Ein Mal hineingeschafft, bewies LGoony, dass er dank der massiven Beats seines neuen Mixtapes die noch überschaubare Crowd schnell hinter sich brachte. Die hatte auch der nachfolgende LFE-Rapper Yung Hurn von Beginn an für sich gewonnen, auch wenn er neben seiner großen Entourage etwas verloren auf der Bühne wirkte. Doch die stark gewachsene Menge erwies sich als textsicher. Hurn bewies, dass sich seine bisherigen virtuellen Erfolge auch in den Club übersetzen lassen, ohne dass er mit besonderer körperlicher Präsenz oder Energie brillieren muss. Besonders „Sk8erboi“ entpuppte sich dabei als heimlicher Hit des Abends.

Parallel dazu spielten Oklou und Little Cloud nebenan vor einem sehr überschaubaren, fast ausschließlich sitzenden Publikum und hatten mit Soundproblemen wie dem Bass vom gegenüberliegenden Floor und Rückkopplungen zu kämpfen, sodass sich sowohl Oklous zerbrechliche Melodien als auch Little Clouds experimentelle Klänge im Raum verloren. Abgelöst wurden die Damen dann vom Headliner der Temp Affairs, Yung Sherman. Wer ein vernebeltes Beatset erwartet hatte, das sich an seinen Produktionen für Yung Lean orientierte, wurde eines Besseren belehrt. Stattdessen wurde seine Track-Auswahl von zeitgemäßer, basslastiger Electronic von Techno über Trap bis Jersey Club bestimmt und entwickelte sich zum schweißtreibenden Highlight des Abends.

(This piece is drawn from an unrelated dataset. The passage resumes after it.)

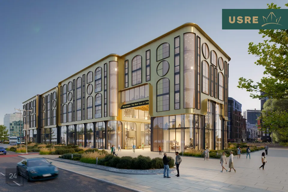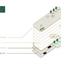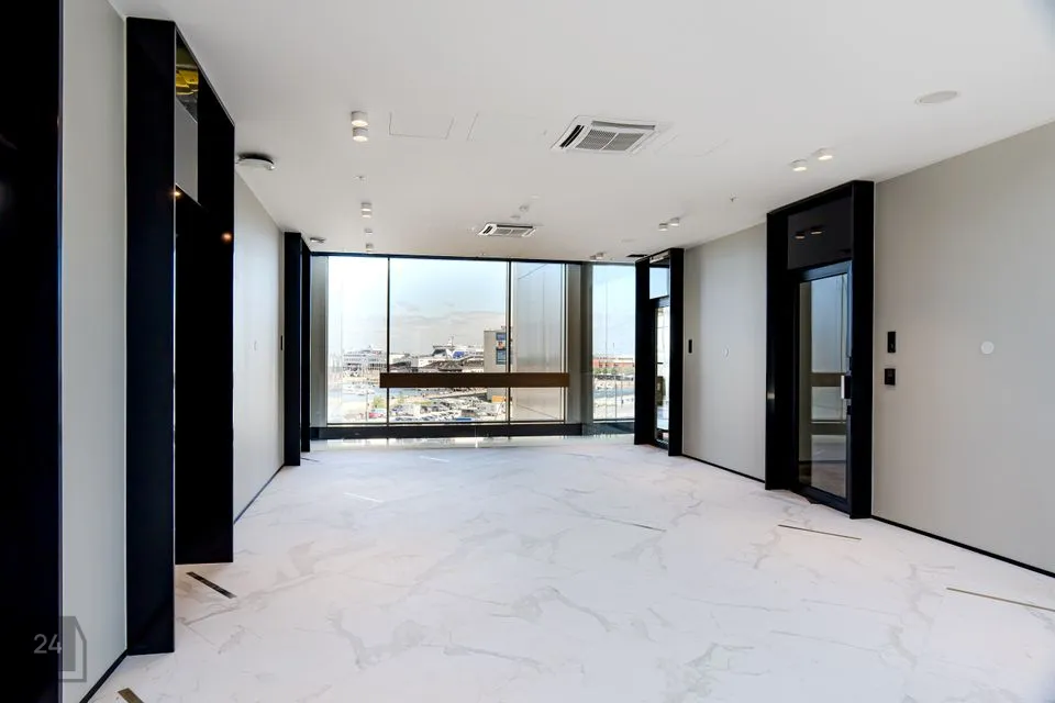 The building has approximately 13,000 m² of total area, with each office floor being around 2,200 m². The first floor will be developed with commercial and catering spaces along with spacious outdoor terraces, with the upper floors designated for offices.

Basslastige Clubmusik blieb dann auch der gemeinsame Nenner für die nachfolgenden Ostblokkk und Linnea, während auf dem großen Floor SMIB sowie Nxxxxxs und DJ El G die Abteilung Trap bedienten. Wer es klassischer mochte und mit besserer Ausdauer ausgestattet war, konnte dann noch bis zum Mittag dem traditionellen rohen Berliner Techno frönen. Aus musikalischer Sicht definitiv gelungen, gelang es den Temp Affairs leider nicht den vorab verkündeten Avantgarde-Anspruch einzuhalten, dafür geriet das Event doch zu konventionell und es darf in Frage gestellt werden, ob man das richtige Venue ausgesucht hatte. Da es aber wohl nicht bei diesem einmaligen Versuch bleiben dürfte, kann man wohl durchaus gespannt sein, was Life From Earth in Zukunft in dieser Hinsicht präsentieren wird. Ansonsten bleiben ja immer noch die Arbeitsfelder Video und Label.